As I wrote at the time, the fallout was predictable: supporters, fans and taxpayers were equal parts mad and confused. How can you lose money when the Fiesta Bowl forked over $17 million earlier this year to the Big East and Big 12, $2.5 million of which made it's way back to UConn?

The simple answer: the University had to buy game tickets through the bowl, which were substantially more expensive than tickets available on websites like Stubhub.com. More generally, many schools appear in bowl games and end up losing money.

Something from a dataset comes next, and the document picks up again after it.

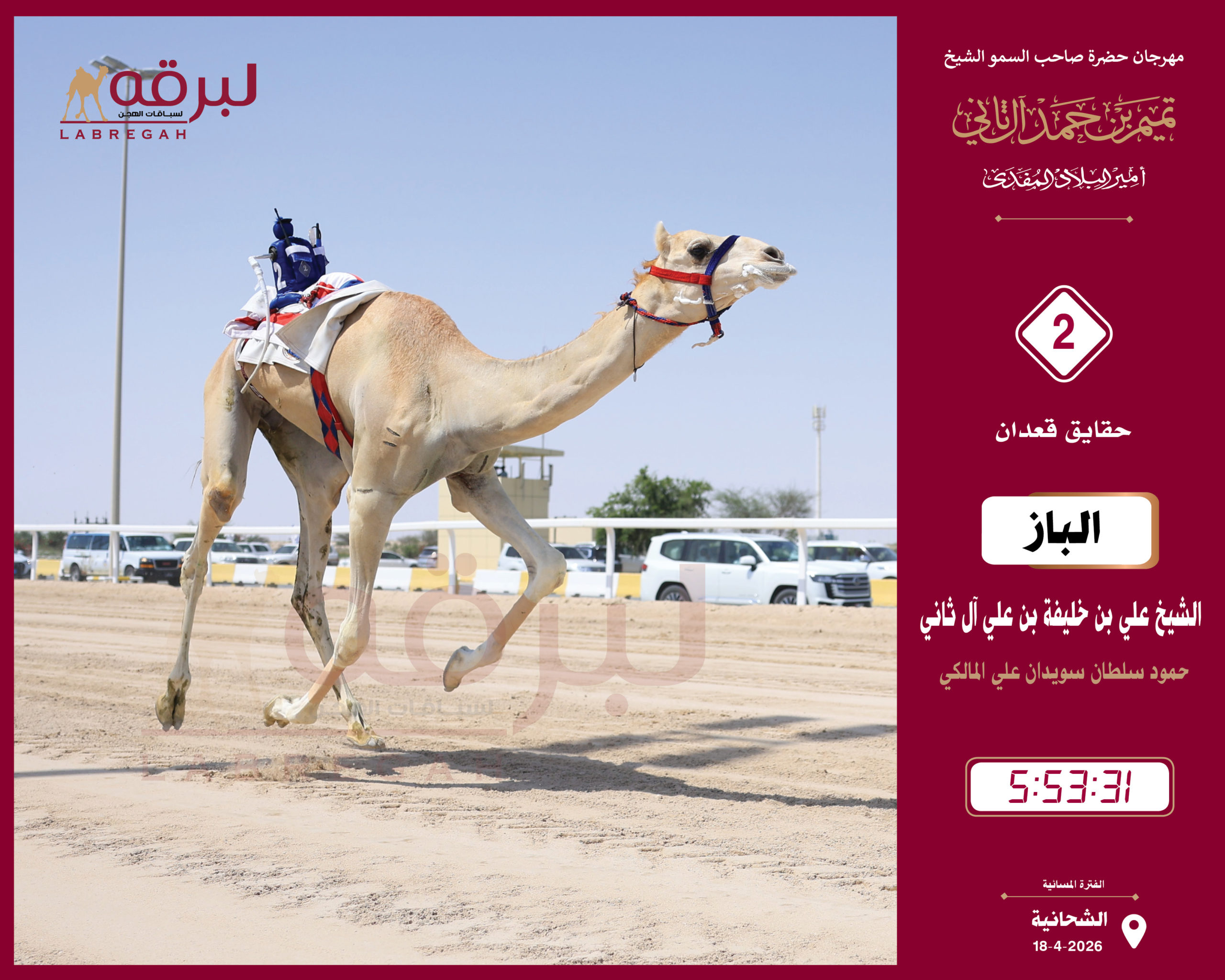 | قعدان مفتوح | 2 | لاهوب | هجن الغرافة | سالم عامر راشد المدهوشي | 5:55:07 |

But as UConn's associate director of athletics/communications Mike Enright told the Connecticut Post two weeks ago, there are other benefits to UConn playing in a BCS bowl game: improved recruiting, increased admissions, and higher ticket sales and donations.

And then there's this, from Thursday's Hartford Courant: the Big 12 Conference gave Oklahoma, a perennial national football powerhouse, $1.8 million to cover their Fiesta Bowl expenses. The details:

Oklahoma had a net gain of $9,350 from its Jan.1 date with UConn in the Fiesta Bowl, according to a school official and financial documents submitted to the NCAA.

However, the gain would have been a huge loss had it not been for the Big 12 policy of absorbing much of the cost of unsold tickets. The Big 12 absorbed 10,403 tickets at $1,884,250. The school absorbed 1,530 at $337,080.

"You get an allowance for all your expenses from the conference every year but you are responsible for staying within the confines of that allotment," Kenny Mossman, the director of media relations in OU's athletic department, told the Courant. "It's not the same amount every year."

As for teams having to cover the difference in unsold tickets, Big East commissioner John Marinatto expects a discussion on the matter this spring.

"It's not an uncommon policy to have some protection in place in case something like this happens," Marinatto told the Courant. "The membership could certainly make a decision to have what's in place now, or change to more of a fluctuating policy where schools, in a particular year, would be responsible to contribute a portion of their bowl monies back to the school that's trying to cover cost when it can't sell its tickets. It's a reasonable thing to do. . . . I expect it to be discussed this spring."

UConn will get $3.8 million from the Big East later this year as "each football-playing school in the league will receive that amount as its cut from bowl and television revenue."  But it's not just teams relatively new to Division I who operate at a loss in big-time bowl games. Even the Oklahomas of the football-playing world operate in the red. Unfortunately, that's more an indictment of the current setup than the sport's popularity.